Awesome
Simple and fast pythonic bloomfilter
From wikipedia: "A Bloom filter is a space-efficient probabilistic data structure, conceived by Burton Howard Bloom in 1970, that is used to test whether an element is a member of a set. False positive matches are possible, but false negatives are not – in other words, a query returns either "possibly in set" or "definitely not in set". Elements can be added to the set, but not removed (though this can be addressed with a "counting" filter); the more elements that are added to the set, the larger the probability of false positives."
This filter supports:
- Saving, reloading with pickle.
- Stats
- Entropy analysis
- Internal and external hashing of data.
- raw filter merging
Installing:
sudo pip install fastbloomfilter
External creation of the bloom filter file:
python mkbloom.py /tmp/filter.blf
Importing:
>>> from fastBloomFilter import bloom
>>> bf = bloom.BloomFilter(array_size=1024**3)
Or
>>> from fastBloomFilter import bloom
>>> bf = bloom.BloomFilter(filename='/tmp/filter.blf')
Adding data to it:
>>> bf.add('30000')
>>> bf.add('1230213')
>>> bf.add('1')
Printing stats:
>>> bf.stat()
Or:
>>> bf.info()
Querying data:
>>> print(bf.query('1'))
True
>>> print(bf.query('1230213'))
True
>>> print(bf.query('12'))
False
>>> print(bf['1'])
True
Querying data and at the same time adding it:
>>> print(bf.update('1'))
False
# False means the object wasn't existing and was added.
>>> print(bf.update('1'))
True
# True means the object existed and nothing new was added.
>>> print(bf.update('2'))
False
>>> print(bf.update('2'))
True
Merging two filters:
Create first filter:
>>> from fastBloomFilter import bloom
>>> bf1 = bloom.BloomFilter(array_size=1024**3)
>>> bf1.add("1")
Create second filter:
>>> from fastBloomFilter import bloom
>>> bf2 = bloom.BloomFilter(array_size=1024**3)
>>> bf2.add("2")
Merge the two filters into a third filter:
>>> bf3 = bf1 + bf2
Check the elements in the third filter:
>>> print(bf3["1"])
True
>>> print(bf3["2"])
True
Contributing
Contributons:
Are welcome!
Criteria: - They should not include hidden folders or files of any ide environment.
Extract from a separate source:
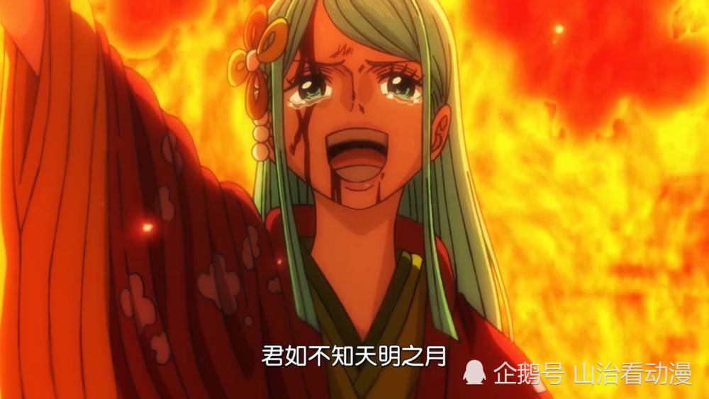 海贼王最新一集中,光月御田倒在油锅里,他已经被凯多杀死了,整个和之国的百姓都知道御田是好人,他们错怪御田了,不过御田已经死了,凯多与大蛇掌控和之国,他们还要消灭光月御田的血脉,毁了御田城,天月时最后使出时空能力,送走了锦卫门,桃之助,小菊等人,保全了光月家族的血脉。

- They should not delete big portions of the project.
- They should not include files that does not have anything to do with the project.
- They should not change the API. (API changes should be proposed with Issues as enhancements)
- They should not include any obfuscated code.
- They should not include binaries.
- They should be in small PRs for faster reviewing process.
- They should include a small testcase.
- Any contribution not hornoring this criteria will be rejected until it does.